Given the records below, would you repeat exactly the lines that begin at the one containing "양조장에서는 직접 손으로" and end at the one containing "현재 일성건설의 주가는 1343원이며, 시가총액은 약 726억 원입니다.", inclusive?

- Source data:

_ _ _ _ _

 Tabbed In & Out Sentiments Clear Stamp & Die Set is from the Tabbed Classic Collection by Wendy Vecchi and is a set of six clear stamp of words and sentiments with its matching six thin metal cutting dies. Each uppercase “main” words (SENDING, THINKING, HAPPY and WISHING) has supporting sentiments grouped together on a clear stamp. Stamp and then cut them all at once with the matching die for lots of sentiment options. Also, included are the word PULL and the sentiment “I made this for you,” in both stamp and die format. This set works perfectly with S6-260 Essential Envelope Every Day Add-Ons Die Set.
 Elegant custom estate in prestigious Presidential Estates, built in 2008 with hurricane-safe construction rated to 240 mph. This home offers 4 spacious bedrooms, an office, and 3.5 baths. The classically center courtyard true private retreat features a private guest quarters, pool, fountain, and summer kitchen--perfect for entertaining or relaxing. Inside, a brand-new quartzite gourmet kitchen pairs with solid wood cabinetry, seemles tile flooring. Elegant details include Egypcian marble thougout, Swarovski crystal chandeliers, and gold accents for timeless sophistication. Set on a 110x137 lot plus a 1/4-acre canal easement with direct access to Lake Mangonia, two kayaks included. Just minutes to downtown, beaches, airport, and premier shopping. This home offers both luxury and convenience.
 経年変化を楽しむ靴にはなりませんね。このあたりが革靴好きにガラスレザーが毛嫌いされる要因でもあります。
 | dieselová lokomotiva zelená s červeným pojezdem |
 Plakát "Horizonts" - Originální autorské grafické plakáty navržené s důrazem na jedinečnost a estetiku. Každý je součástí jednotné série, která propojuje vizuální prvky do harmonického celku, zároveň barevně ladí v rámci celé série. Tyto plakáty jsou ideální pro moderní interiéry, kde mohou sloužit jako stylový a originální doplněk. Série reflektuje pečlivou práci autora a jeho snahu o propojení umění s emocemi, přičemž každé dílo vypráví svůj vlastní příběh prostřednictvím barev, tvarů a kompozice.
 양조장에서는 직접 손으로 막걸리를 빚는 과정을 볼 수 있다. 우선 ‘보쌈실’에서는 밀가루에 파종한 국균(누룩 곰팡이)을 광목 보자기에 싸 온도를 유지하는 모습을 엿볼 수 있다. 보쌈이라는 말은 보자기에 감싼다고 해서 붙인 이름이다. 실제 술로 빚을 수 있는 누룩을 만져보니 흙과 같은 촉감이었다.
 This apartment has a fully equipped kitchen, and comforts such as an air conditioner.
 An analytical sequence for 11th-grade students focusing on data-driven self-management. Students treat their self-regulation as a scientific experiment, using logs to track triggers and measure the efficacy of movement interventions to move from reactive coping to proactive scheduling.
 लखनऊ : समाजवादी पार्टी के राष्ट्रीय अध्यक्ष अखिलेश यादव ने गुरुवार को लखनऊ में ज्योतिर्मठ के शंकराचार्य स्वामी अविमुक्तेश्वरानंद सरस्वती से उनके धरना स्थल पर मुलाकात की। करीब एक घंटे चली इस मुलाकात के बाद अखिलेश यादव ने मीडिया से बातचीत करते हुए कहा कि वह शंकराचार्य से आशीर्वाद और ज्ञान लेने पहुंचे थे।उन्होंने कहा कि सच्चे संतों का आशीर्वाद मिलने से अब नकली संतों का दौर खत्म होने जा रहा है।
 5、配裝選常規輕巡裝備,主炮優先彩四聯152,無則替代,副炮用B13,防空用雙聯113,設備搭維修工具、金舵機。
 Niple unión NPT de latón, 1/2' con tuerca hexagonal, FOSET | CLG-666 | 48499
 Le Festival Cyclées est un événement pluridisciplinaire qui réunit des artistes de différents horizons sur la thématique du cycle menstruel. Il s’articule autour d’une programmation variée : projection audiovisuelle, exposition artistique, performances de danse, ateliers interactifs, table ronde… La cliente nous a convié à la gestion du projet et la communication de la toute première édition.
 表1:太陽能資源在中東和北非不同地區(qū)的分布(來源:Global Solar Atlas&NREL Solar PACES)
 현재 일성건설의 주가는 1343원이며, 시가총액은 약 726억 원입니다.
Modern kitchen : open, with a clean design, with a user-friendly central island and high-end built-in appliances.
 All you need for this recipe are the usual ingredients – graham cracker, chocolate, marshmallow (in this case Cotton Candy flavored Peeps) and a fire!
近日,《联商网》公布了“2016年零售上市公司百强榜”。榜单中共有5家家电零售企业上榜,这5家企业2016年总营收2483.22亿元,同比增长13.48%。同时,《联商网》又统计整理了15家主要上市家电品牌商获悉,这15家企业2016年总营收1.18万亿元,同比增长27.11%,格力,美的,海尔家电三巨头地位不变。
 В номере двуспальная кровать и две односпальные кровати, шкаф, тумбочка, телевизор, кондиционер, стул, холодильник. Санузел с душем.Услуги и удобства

_ _ _ _ _

- Task output:
 양조장에서는 직접 손으로 막걸리를 빚는 과정을 볼 수 있다. 우선 ‘보쌈실’에서는 밀가루에 파종한 국균(누룩 곰팡이)을 광목 보자기에 싸 온도를 유지하는 모습을 엿볼 수 있다. 보쌈이라는 말은 보자기에 감싼다고 해서 붙인 이름이다. 실제 술로 빚을 수 있는 누룩을 만져보니 흙과 같은 촉감이었다.
 This apartment has a fully equipped kitchen, and comforts such as an air conditioner.
 An analytical sequence for 11th-grade students focusing on data-driven self-management. Students treat their self-regulation as a scientific experiment, using logs to track triggers and measure the efficacy of movement interventions to move from reactive coping to proactive scheduling.
 लखनऊ : समाजवादी पार्टी के राष्ट्रीय अध्यक्ष अखिलेश यादव ने गुरुवार को लखनऊ में ज्योतिर्मठ के शंकराचार्य स्वामी अविमुक्तेश्वरानंद सरस्वती से उनके धरना स्थल पर मुलाकात की। करीब एक घंटे चली इस मुलाकात के बाद अखिलेश यादव ने मीडिया से बातचीत करते हुए कहा कि वह शंकराचार्य से आशीर्वाद और ज्ञान लेने पहुंचे थे।उन्होंने कहा कि सच्चे संतों का आशीर्वाद मिलने से अब नकली संतों का दौर खत्म होने जा रहा है।
 5、配裝選常規輕巡裝備,主炮優先彩四聯152,無則替代,副炮用B13,防空用雙聯113,設備搭維修工具、金舵機。
 Niple unión NPT de latón, 1/2' con tuerca hexagonal, FOSET | CLG-666 | 48499
 Le Festival Cyclées est un événement pluridisciplinaire qui réunit des artistes de différents horizons sur la thématique du cycle menstruel. Il s’articule autour d’une programmation variée : projection audiovisuelle, exposition artistique, performances de danse, ateliers interactifs, table ronde… La cliente nous a convié à la gestion du projet et la communication de la toute première édition.
 表1:太陽能資源在中東和北非不同地區(qū)的分布(來源:Global Solar Atlas&NREL Solar PACES)
 현재 일성건설의 주가는 1343원이며, 시가총액은 약 726억 원입니다.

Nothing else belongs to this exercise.